Start of Excerpted data

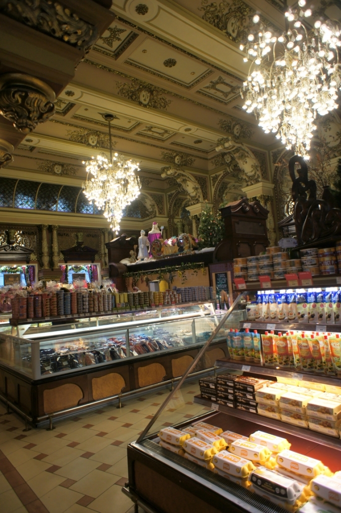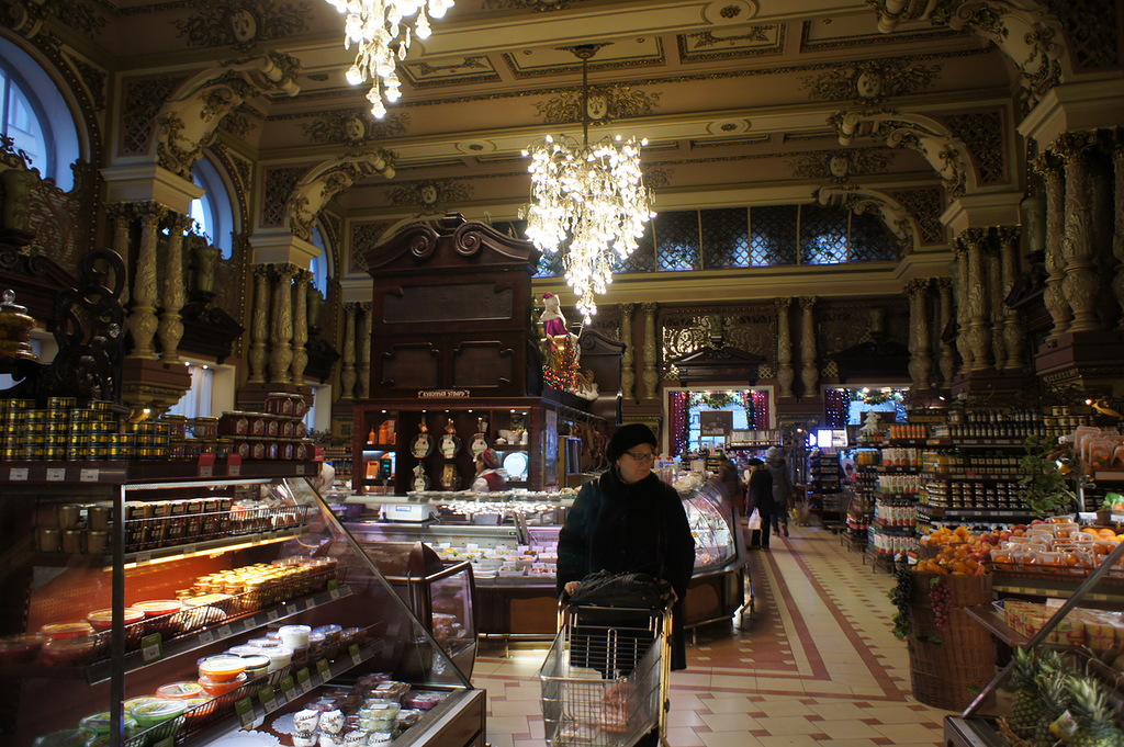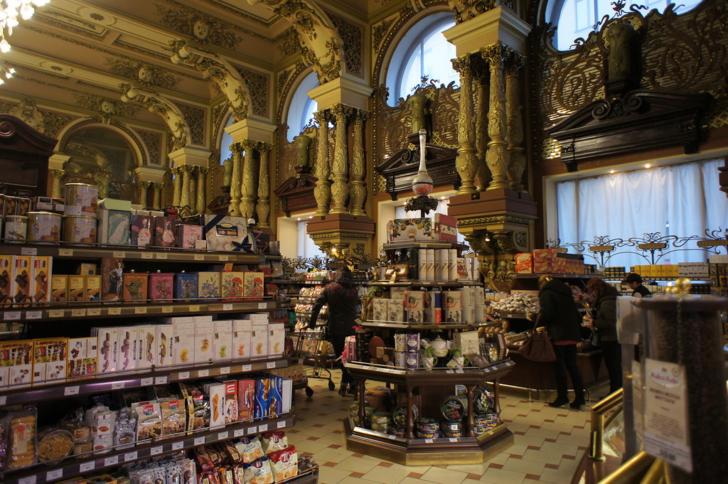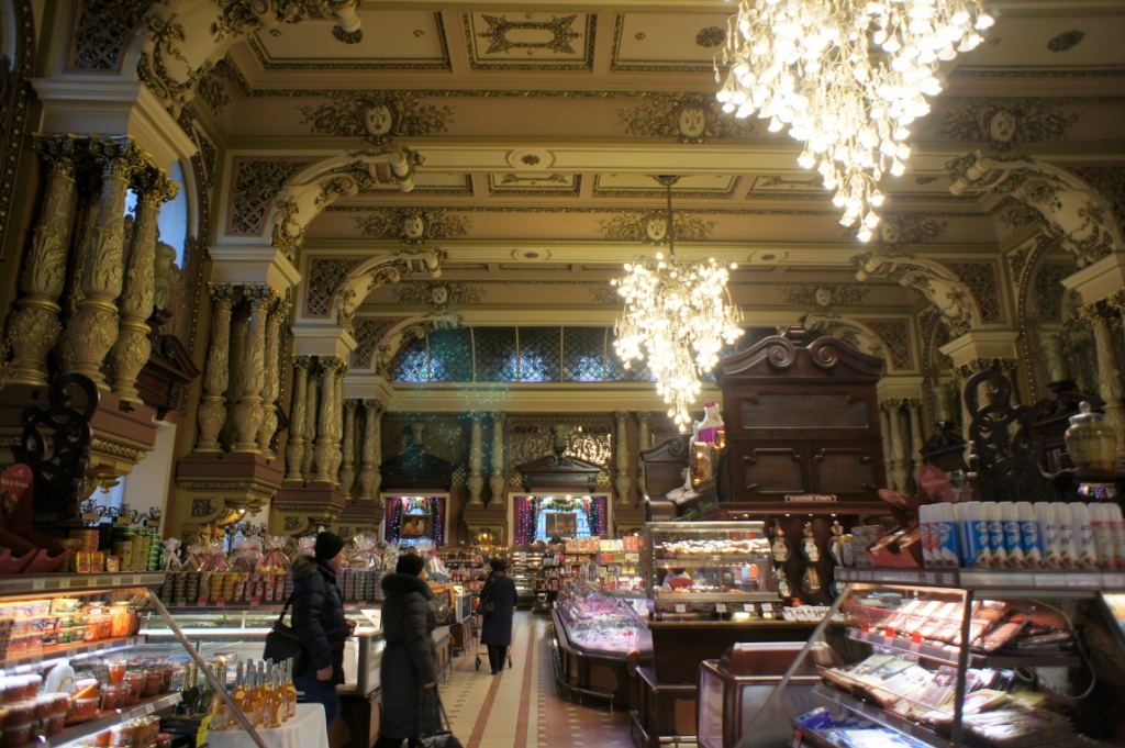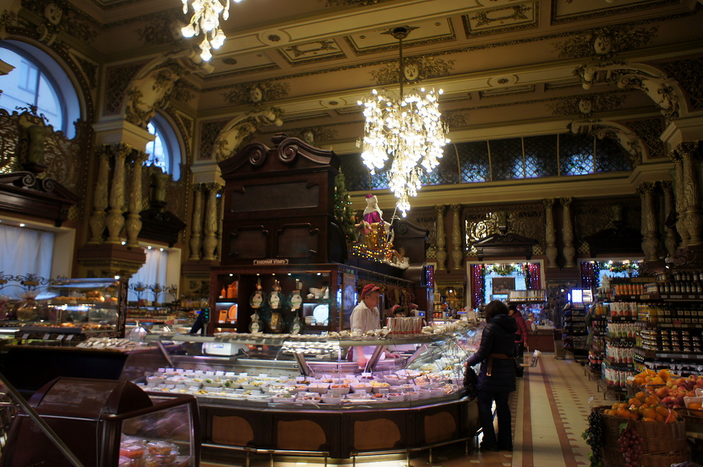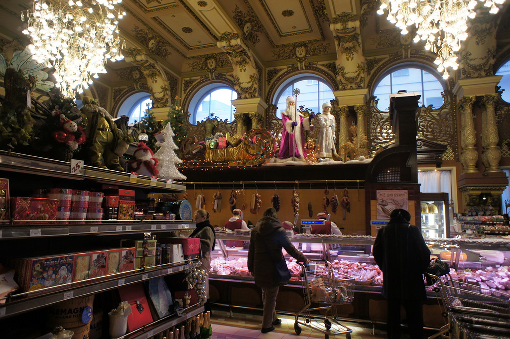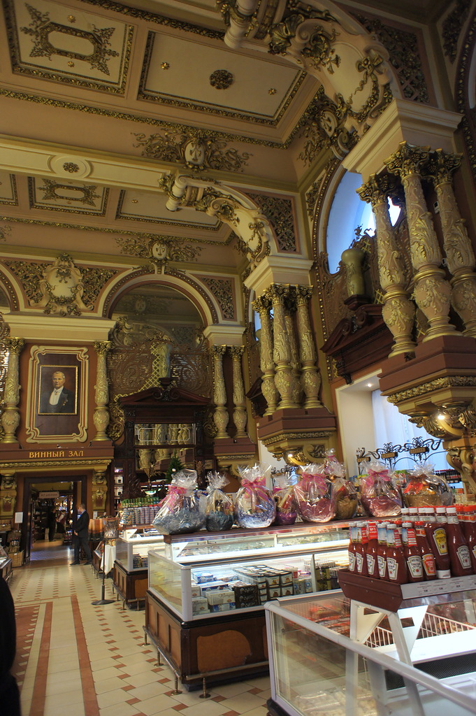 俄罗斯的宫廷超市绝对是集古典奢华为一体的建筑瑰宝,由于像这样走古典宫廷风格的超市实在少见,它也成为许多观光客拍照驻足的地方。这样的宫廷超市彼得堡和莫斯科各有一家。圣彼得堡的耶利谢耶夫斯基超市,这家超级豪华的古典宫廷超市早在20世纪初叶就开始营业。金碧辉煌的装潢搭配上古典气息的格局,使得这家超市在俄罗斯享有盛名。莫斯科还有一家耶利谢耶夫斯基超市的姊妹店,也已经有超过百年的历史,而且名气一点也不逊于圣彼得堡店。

End of Excerpted data
Start of Excerpted data

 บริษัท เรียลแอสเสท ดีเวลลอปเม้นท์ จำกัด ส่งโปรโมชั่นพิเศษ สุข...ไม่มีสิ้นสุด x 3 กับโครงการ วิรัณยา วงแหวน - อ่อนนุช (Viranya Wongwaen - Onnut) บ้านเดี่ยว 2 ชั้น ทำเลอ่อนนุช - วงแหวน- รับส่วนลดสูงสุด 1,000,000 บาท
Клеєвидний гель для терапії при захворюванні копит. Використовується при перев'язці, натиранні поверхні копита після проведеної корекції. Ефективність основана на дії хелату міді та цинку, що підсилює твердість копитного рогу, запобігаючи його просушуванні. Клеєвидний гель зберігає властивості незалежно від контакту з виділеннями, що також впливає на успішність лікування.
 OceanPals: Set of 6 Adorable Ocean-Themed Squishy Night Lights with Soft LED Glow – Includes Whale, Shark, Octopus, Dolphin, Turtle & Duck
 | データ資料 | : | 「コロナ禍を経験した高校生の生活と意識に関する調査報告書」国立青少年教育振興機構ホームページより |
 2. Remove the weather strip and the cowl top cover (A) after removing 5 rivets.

End of Excerpted data
Start of Excerpted data

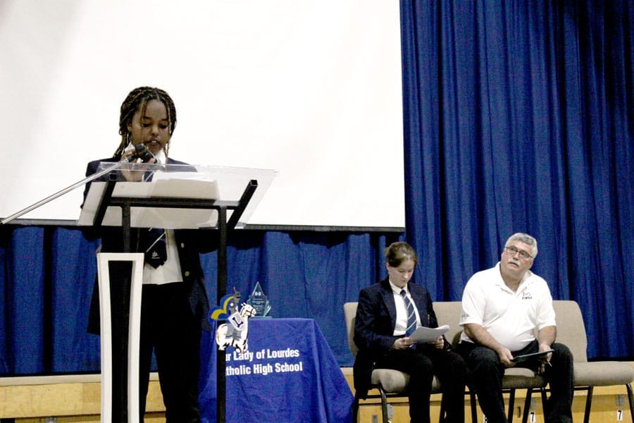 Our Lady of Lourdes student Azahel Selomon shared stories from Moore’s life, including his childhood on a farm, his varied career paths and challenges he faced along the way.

End of Excerpted data

(Required action): Beginning with the line containing "บริษัท เรียลแอสเสท ดีเวลลอปเม้นท์" in the material above, copy every line exactly until you have copied the line containing "2. Remove the".

(Result of the exercise):
 บริษัท เรียลแอสเสท ดีเวลลอปเม้นท์ จำกัด ส่งโปรโมชั่นพิเศษ สุข...ไม่มีสิ้นสุด x 3 กับโครงการ วิรัณยา วงแหวน - อ่อนนุช (Viranya Wongwaen - Onnut) บ้านเดี่ยว 2 ชั้น ทำเลอ่อนนุช - วงแหวน- รับส่วนลดสูงสุด 1,000,000 บาท
Клеєвидний гель для терапії при захворюванні копит. Використовується при перев'язці, натиранні поверхні копита після проведеної корекції. Ефективність основана на дії хелату міді та цинку, що підсилює твердість копитного рогу, запобігаючи його просушуванні. Клеєвидний гель зберігає властивості незалежно від контакту з виділеннями, що також впливає на успішність лікування.
 OceanPals: Set of 6 Adorable Ocean-Themed Squishy Night Lights with Soft LED Glow – Includes Whale, Shark, Octopus, Dolphin, Turtle & Duck
 | データ資料 | : | 「コロナ禍を経験した高校生の生活と意識に関する調査報告書」国立青少年教育振興機構ホームページより |
 2. Remove the weather strip and the cowl top cover (A) after removing 5 rivets.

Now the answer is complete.